- [WHAT YOU HAVE TO DO] Every line from the one with "Veuf de Madame Claudette BERNARD" up to and including the one with "The APACH 700" is to be output exactly as it appears below; pictures are not.

- [WORKING DATA]
[Start of section]

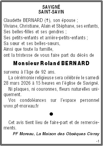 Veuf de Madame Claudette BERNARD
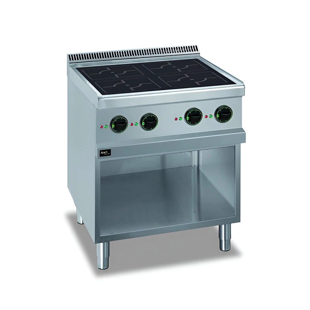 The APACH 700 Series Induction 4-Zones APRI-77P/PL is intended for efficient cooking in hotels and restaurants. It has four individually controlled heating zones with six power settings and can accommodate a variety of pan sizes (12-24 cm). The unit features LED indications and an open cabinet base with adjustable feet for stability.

[End of section]
[Start of section]

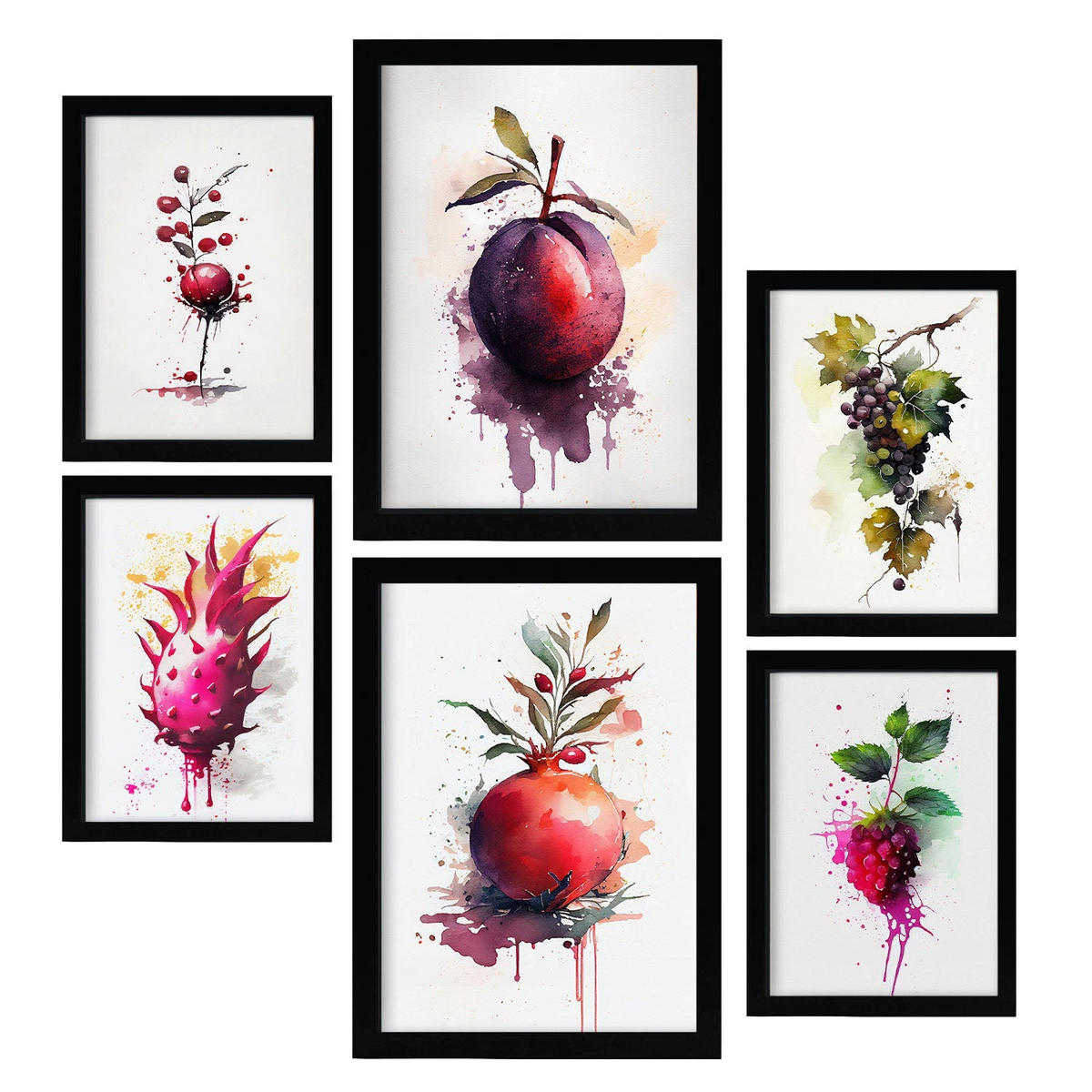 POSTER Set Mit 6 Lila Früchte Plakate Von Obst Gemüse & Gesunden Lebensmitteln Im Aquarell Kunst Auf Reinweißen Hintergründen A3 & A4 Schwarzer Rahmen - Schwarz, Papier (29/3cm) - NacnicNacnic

[End of section]
[Start of section]

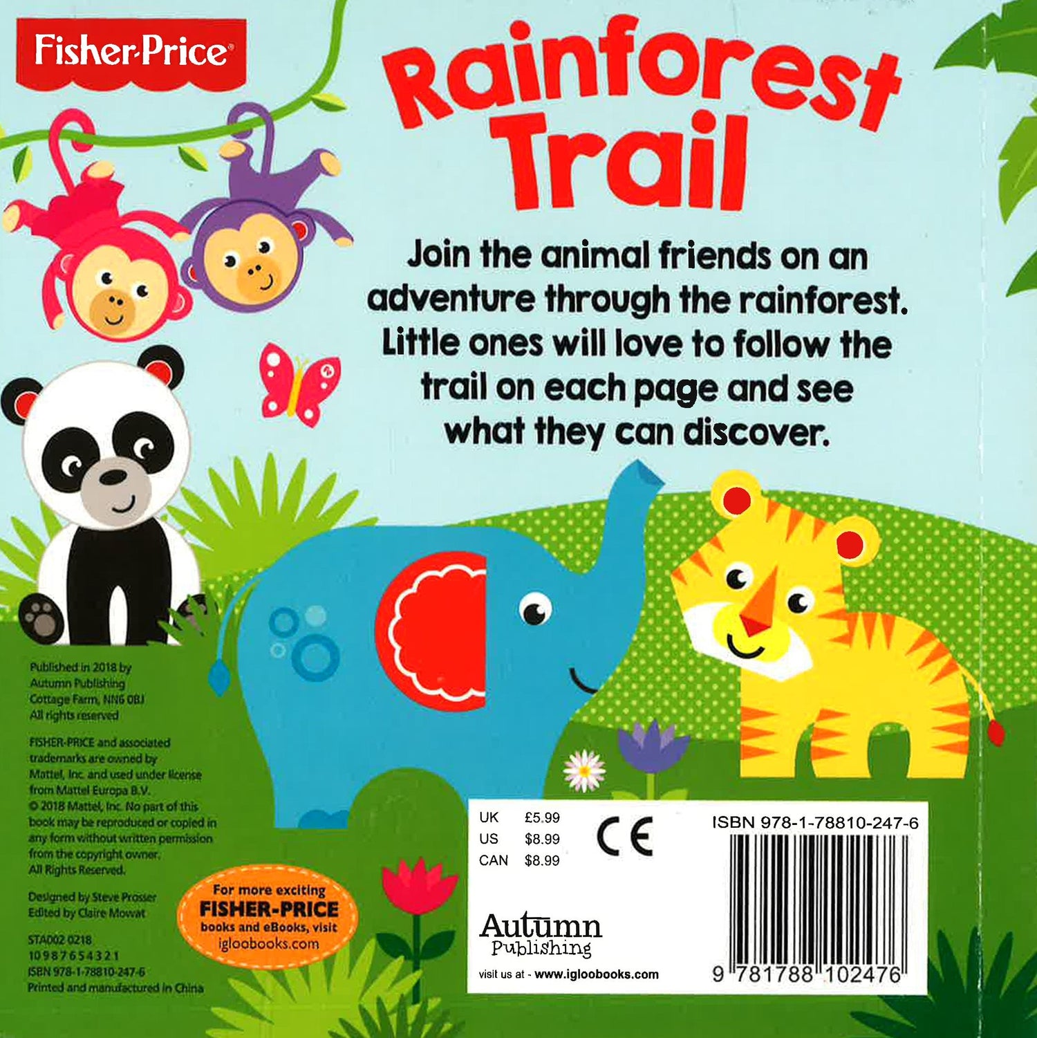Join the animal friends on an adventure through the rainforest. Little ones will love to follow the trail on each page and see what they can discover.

[End of section]

- [PROBLEM SOLUTION]
 Veuf de Madame Claudette BERNARD
 The APACH 700 Series Induction 4-Zones APRI-77P/PL is intended for efficient cooking in hotels and restaurants. It has four individually controlled heating zones with six power settings and can accommodate a variety of pan sizes (12-24 cm). The unit features LED indications and an open cabinet base with adjustable feet for stability.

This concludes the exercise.